7 Things You Need To Know About Contingency Budgets

Written by Compton Construction on . Posted in Blog


When planning your construction project, establishing a budget is one of the first steps in planning a successful project. Setting a plan for where to spend the money, and budgeting for all the work takes both attention to detail and a complete scope of the project. However, there is often times unforeseen issues, or items that come up where additional work will be needed. This is where a contingency budget becomes critical.

What is a contingency budget?

    A contingency budget is money set aside to cover unexpected costs during the construction process. This money is on reserve and not allocated to one area of the work, and simply “insurance” against other costs.

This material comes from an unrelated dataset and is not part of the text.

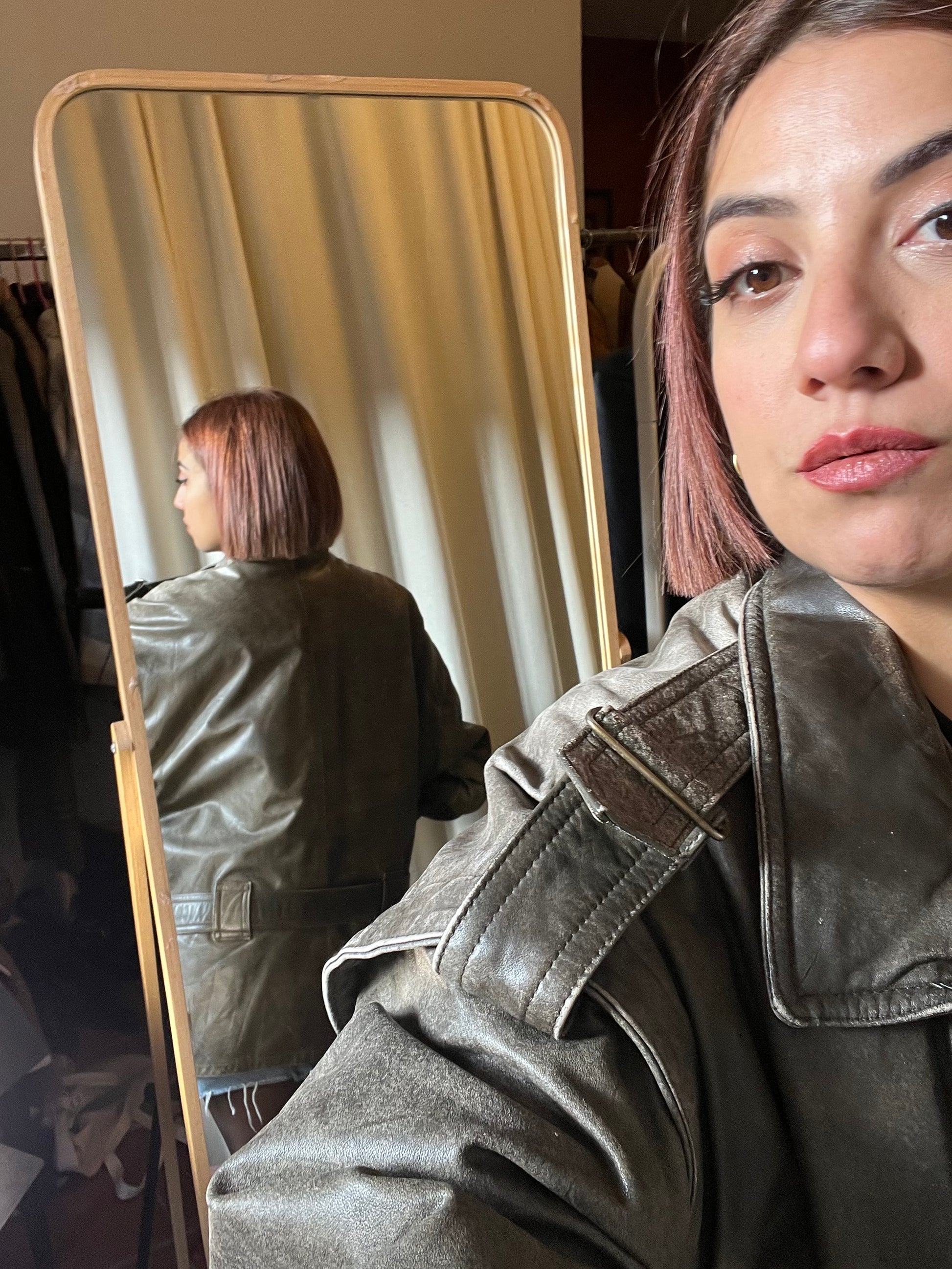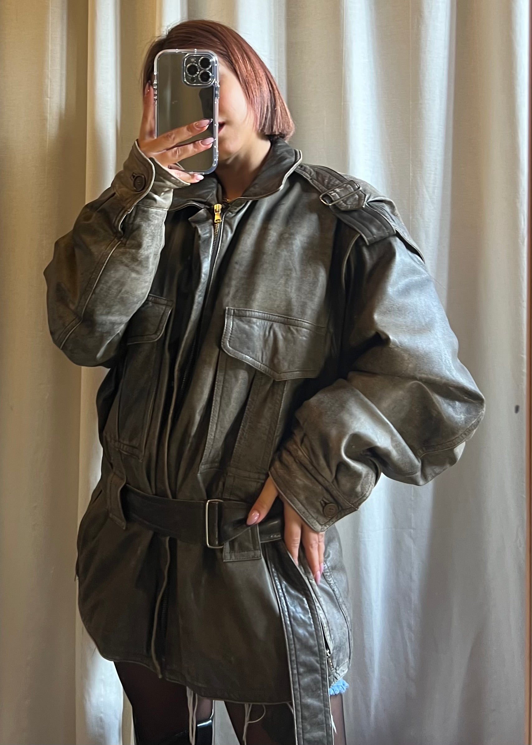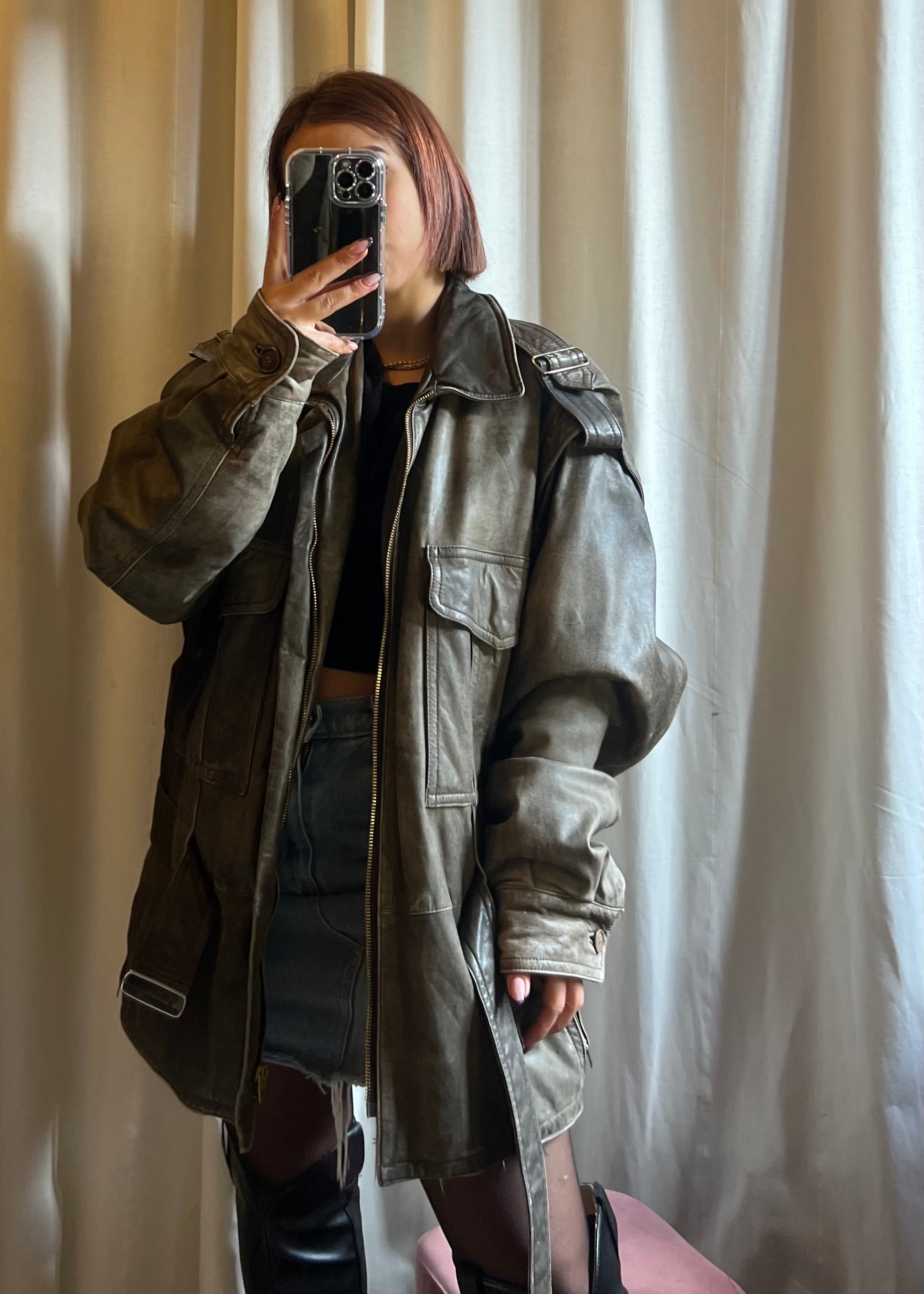 Giacca in pelle over in pieno stile Miu Miu, un capo dall’eleganza grintosa e contemporanea.

How much contingency will I need?

    Most construction projects use a rate of 5%-10% from the total budget to determine contingency. Typically that will cover any extra costs that might come up. However, it is often a bad idea to use a rate less than that, depending on the scale of the project. If issues arise, having budgeting issues could delay the whole project, and prevent work from being completed.

Identify Potential Risks

    Unknowns equal risks. Part of determining contingency is planning for the worst. By identifying risks, like weather and scheduling, you will get a better idea where the contingency budget might go, which will give you an idea of how much you might need.

How can I minimize the risks?

    Preconstruction services and planning will help minimize your risks. A complete walk through with designers, engineers, architects, and contractors is a good first step. It’s also a good idea to have complete set of drawings and scope to bid with. Clearly defined scope will help subcontractors know exactly what needs to get done!

Other areas of Contingency spending:

Owner requested changes:

    As projects progress, sometimes light can be shed on opportunities for future prevention, or opportunities for improvements. For example, while the project is happening, owners might suggest an upgrade to a better piece of equipment that is in perfect operating condition, but while walls are open, it is a good time to upgrade.

Design modifications:

    At times, owners will often request a different finish design than was originally planned for.  These can add costs, especially when the materials are upgraded. However, as long as there is budget available at the point of finish work, it can be a good idea to use the rest of the contingency budget for upgrades, and a nicer space.

If my total project estimate is over my budget, should I cut my contingency?

    This would not be a suggested strategy. Removing this from the budget might mean you would have to find money elsewhere or pay out of pocket if an issue arises. Budgeting can be a difficult process, and it’s only a good idea to lower contingency as an absolute last resort.

What if I don’t use all my Contingency Budget?

    Lucky you! This means, your project came in under budget and you saved money. Nice preconstruction planning!